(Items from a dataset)
□ □ □ □ □ □ □

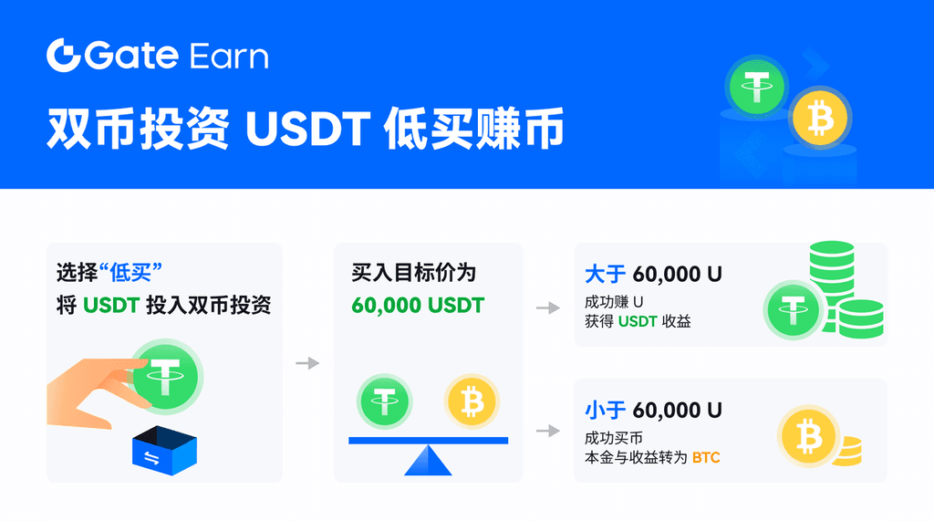 BTC 结算价格 > $60,000:赚币成功,返还 USDT本金与这段时间的 USDT 利息收益。
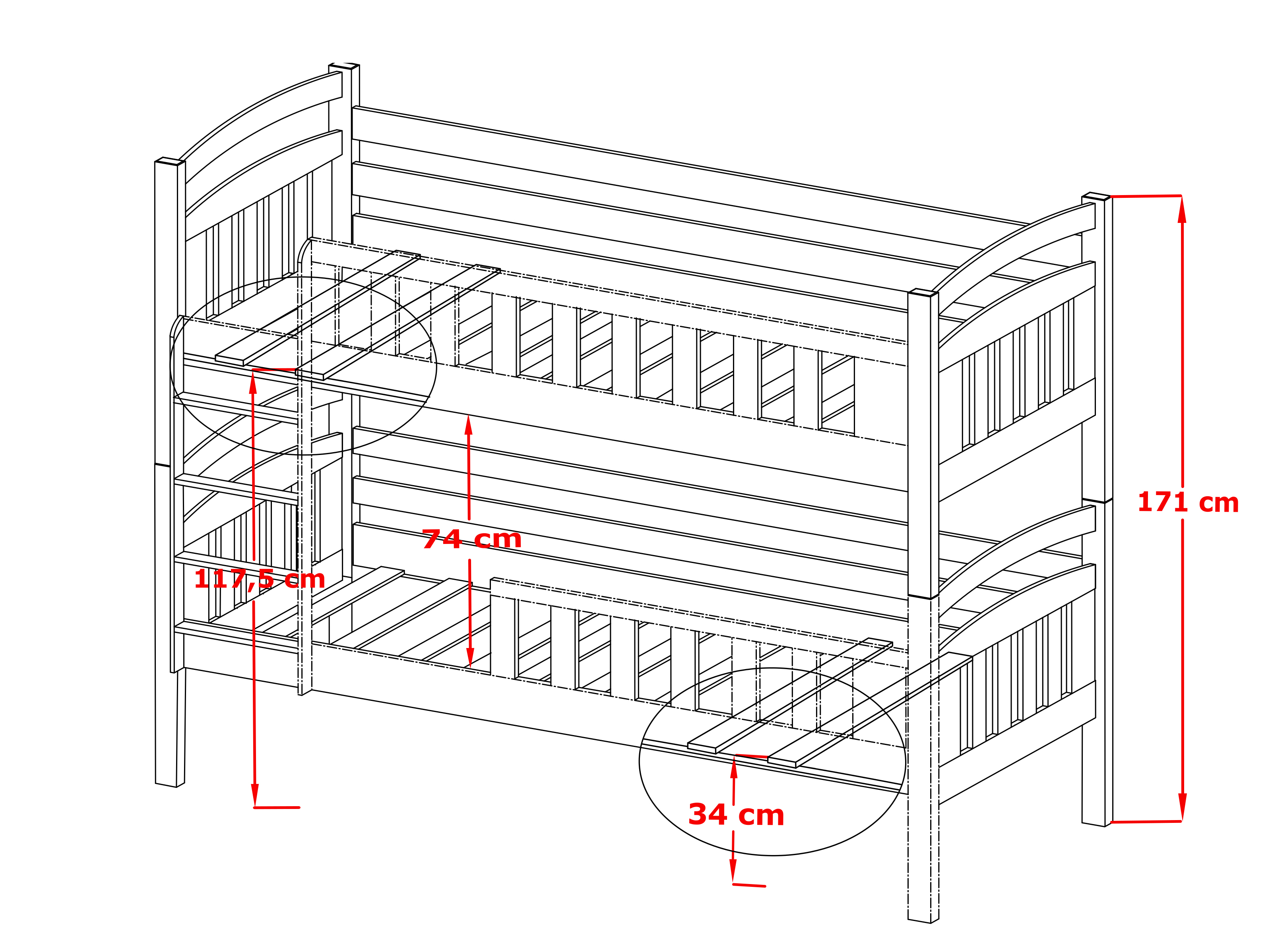 Patrová postel Sarina je klasická vysoká postel pro 2 děti. Je vyrobena výhradně z masivních borovicových desek se zaoblenými hranami. Horní a také spodní lůžko je zajištěno vysokými bariérami ve formě svislých příček. Na horním lůžku jsou o něco nižší než na dolním. Vzdálenost mezi lůžky je 75 cm. Výška od země po horní lůžko je 120 cm, výška od země po spodní lůžko je 35 cm. Na horní lůžko vede žebřík. Dá se namontovat na levou i pravou stranu. Postel má úložný prostor v podobě dvou zásuvek na kolečkách. Gumové kolečka zásuvek nepoškrábou podlahu.
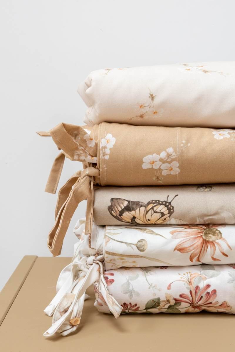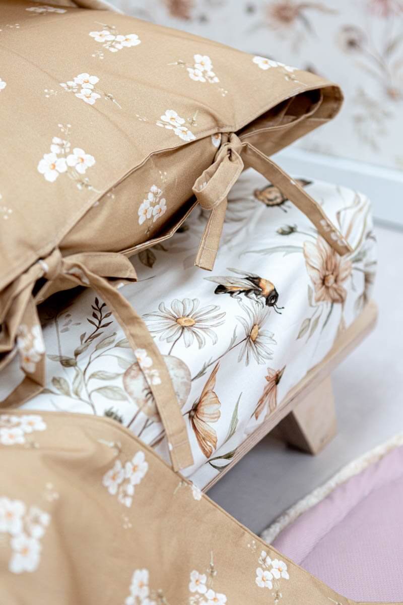 Add gentle charm and natural warmth to your child’s room with the Caramel Small Flowers bedding set. Made from soft, breathable enzyme-washed cotton, this bedding is naturally softened for extra comfort and durability, making it perfect for everyday use. The design features a warm caramel background decorated with delicate white blossoms and subtle green accents, creating a cozy and timeless look. Ideal for boho, vintage, or nature-inspired nurseries, kids’ rooms, and even adult spaces, it blends beautifully with neutral interiors. Each set includes a duvet cover and pillowcase, finished with cotton tie closures instead of zippers or buttons – a minimal and elegant detail. Safe for sensitive skin and OEKO-TEX® certified, this bedding is lovingly handmade in the Netherlands, offering artisanal quality with modern style. Product Details Material: 100% enzyme-washed cotton – OEKO-TEX® certified Design: Caramel base with small white floral motif and soft green details Closure: Cotton ties (no zippers or buttons) Set includes: 1 duvet cover + 1 pillowcase (all sizes) Sizes: Crib, toddler, junior, and single bed Care: Machine wash at 40 °C, gentle cycle; do not tumble dry; iron on low if needed Preparation time: 2–3 business days Handmade in the Netherlands by Matuu Perfect For Floral and boho-style nurseries Cozy toddler or kids’ rooms Neutral and vintage interiors Parents looking for warm earthy tones A thoughtful baby shower, birthday, or holiday gift
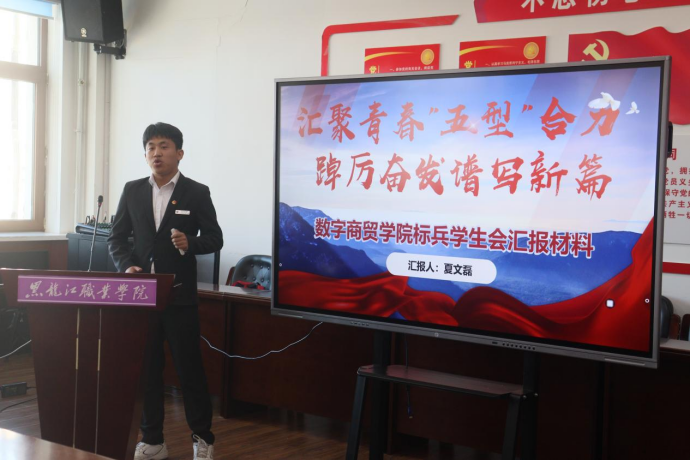 ▲数字商贸学院进行工作述职
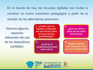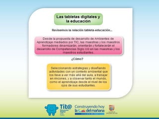 El documento describe las características y usos de las tabletas digitales en entornos educativos. Explica que las tabletas son computadoras portátiles versátiles que pueden usarse para buscar información, almacenar datos, comunicarse y acceder a aplicaciones educativas. También analiza modelos para integrar las tabletas en las aulas y ventajas como el acceso a recursos y desarrollo de habilidades digitales.
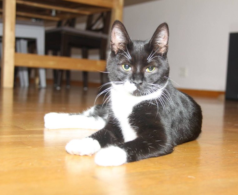 Hun har en hvit stripe i det svarte som går rundt på utsiden av venstre bakfot, hun er hvit under og hvite sokker.
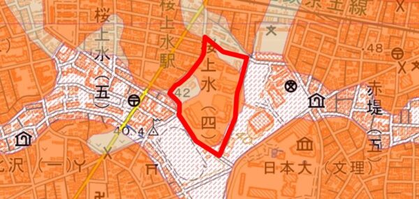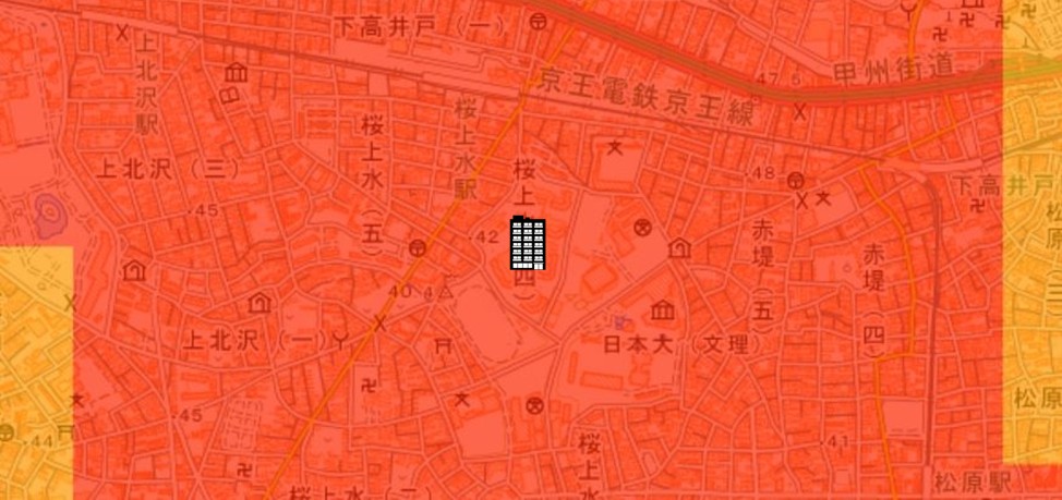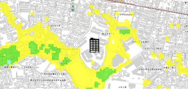 浸水想定がされている敷地の周縁部は暗渠となっている北沢川の川筋のようなので、想定を超える大雨が降った場合には、浸水被害が拡大する可能性があります。

□ □ □ □ □ □ □

Could you reproduce exactly, and only, the lines from the start of the records through the line containing "Patrová postel Sarina", leaving out the pictures?

- Result of this task -
 BTC 结算价格 > $60,000:赚币成功,返还 USDT本金与这段时间的 USDT 利息收益。
 Patrová postel Sarina je klasická vysoká postel pro 2 děti. Je vyrobena výhradně z masivních borovicových desek se zaoblenými hranami. Horní a také spodní lůžko je zajištěno vysokými bariérami ve formě svislých příček. Na horním lůžku jsou o něco nižší než na dolním. Vzdálenost mezi lůžky je 75 cm. Výška od země po horní lůžko je 120 cm, výška od země po spodní lůžko je 35 cm. Na horní lůžko vede žebřík. Dá se namontovat na levou i pravou stranu. Postel má úložný prostor v podobě dvou zásuvek na kolečkách. Gumové kolečka zásuvek nepoškrábou podlahu.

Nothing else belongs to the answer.